What this task involves
Starting at the top of the listing, extract every line up to and including the one with "Для того щоб". Pictures stay out of the copy.

Data for this task
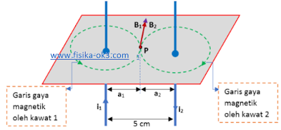 Besarnya induksi magnetik oleh kedua kawat adalah
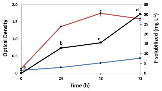 Growth of C. vulgaris in NBRIP medium without insoluble phosphate (blue line) and with insoluble phosphate (red line), along with phosphorus solubilization (black line). Different letters on the black line indicate significant difference determined by Tukey’s test at each time period (p < 0.05).
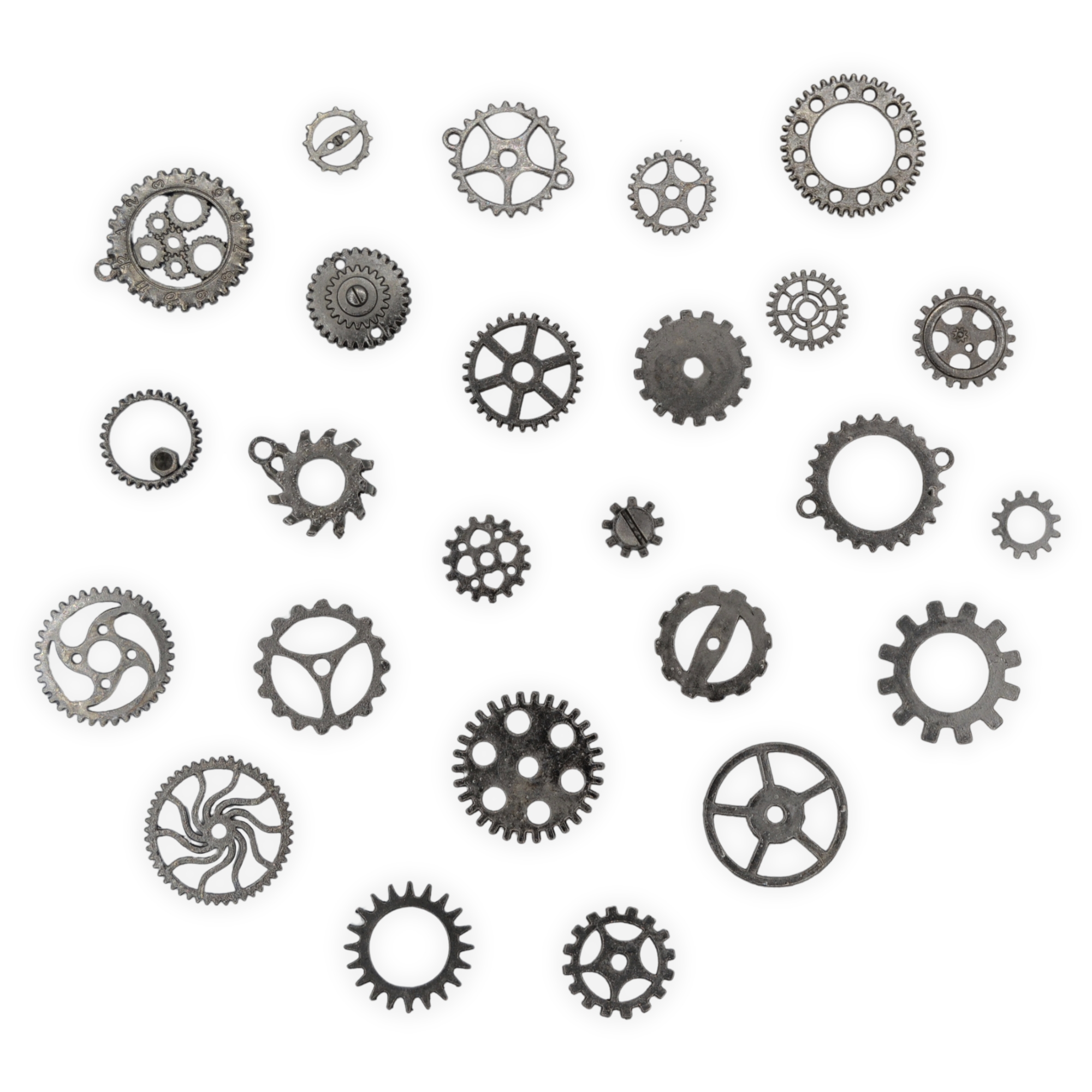A pack of mixed cogs, can be used in jewellery making and craft projects.
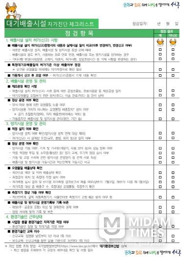 미담타임스 김준완 기자 | 인천 서구는 관내 환경오염물질 배출사업장의 자율적인 환경관리 역량을 강화하고, 환경오염 사고를 예방하기 위해 '자가진단 체크리스트'를 배부한다고 밝혔다.
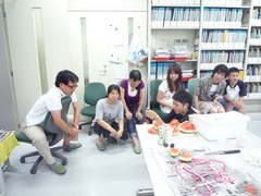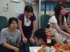 スイカに群がる人たち. |
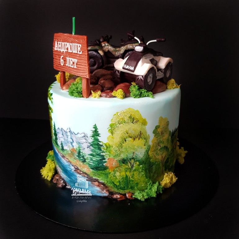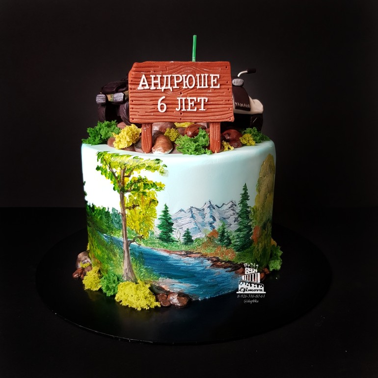 Неожиданно получился такой серьезный торт для шестилетнего Андрюши)) если дело доходит до пейзажей, не могу их сделать упрощенными, хоть тресни.. Все равно начинаю вырисовывать... И табличка, конечно ,не к месту, все загородила ...эх..) Торт получился панорамным))
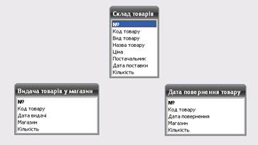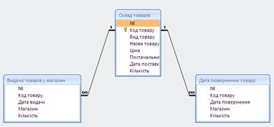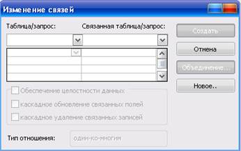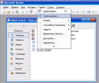 Для того щоб установити зв’язки в Ассеss потрібно натиснути сервіс-схема даних (рис. 2.5.1). В новому вікні будуть відображені всі таблиці створені в цій базі даних (рис. 2.5.2). Подвійним клацанням миші на вільному місці схеми викликається вікно створення зміни зв’язку (рис. 2.5.3).
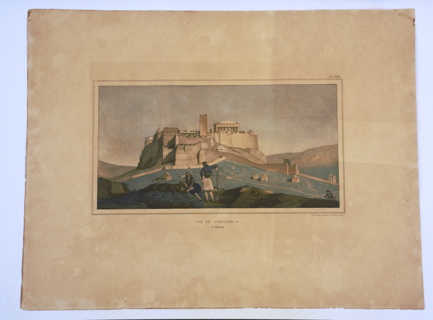 Dupré, Louis. Vue de l’Acropolis d’Athéns. Kolorierte Lithographie. 48,5 x 63 cm. Paris, Dondey-Dupré, 1825.

Task solution
 Besarnya induksi magnetik oleh kedua kawat adalah
 Growth of C. vulgaris in NBRIP medium without insoluble phosphate (blue line) and with insoluble phosphate (red line), along with phosphorus solubilization (black line). Different letters on the black line indicate significant difference determined by Tukey’s test at each time period (p < 0.05).
A pack of mixed cogs, can be used in jewellery making and craft projects.
 미담타임스 김준완 기자 | 인천 서구는 관내 환경오염물질 배출사업장의 자율적인 환경관리 역량을 강화하고, 환경오염 사고를 예방하기 위해 '자가진단 체크리스트'를 배부한다고 밝혔다.
 スイカに群がる人たち. |
 Неожиданно получился такой серьезный торт для шестилетнего Андрюши)) если дело доходит до пейзажей, не могу их сделать упрощенными, хоть тресни.. Все равно начинаю вырисовывать... И табличка, конечно ,не к месту, все загородила ...эх..) Торт получился панорамным))
 Для того щоб установити зв’язки в Ассеss потрібно натиснути сервіс-схема даних (рис. 2.5.1). В новому вікні будуть відображені всі таблиці створені в цій базі даних (рис. 2.5.2). Подвійним клацанням миші на вільному місці схеми викликається вікно створення зміни зв’язку (рис. 2.5.3).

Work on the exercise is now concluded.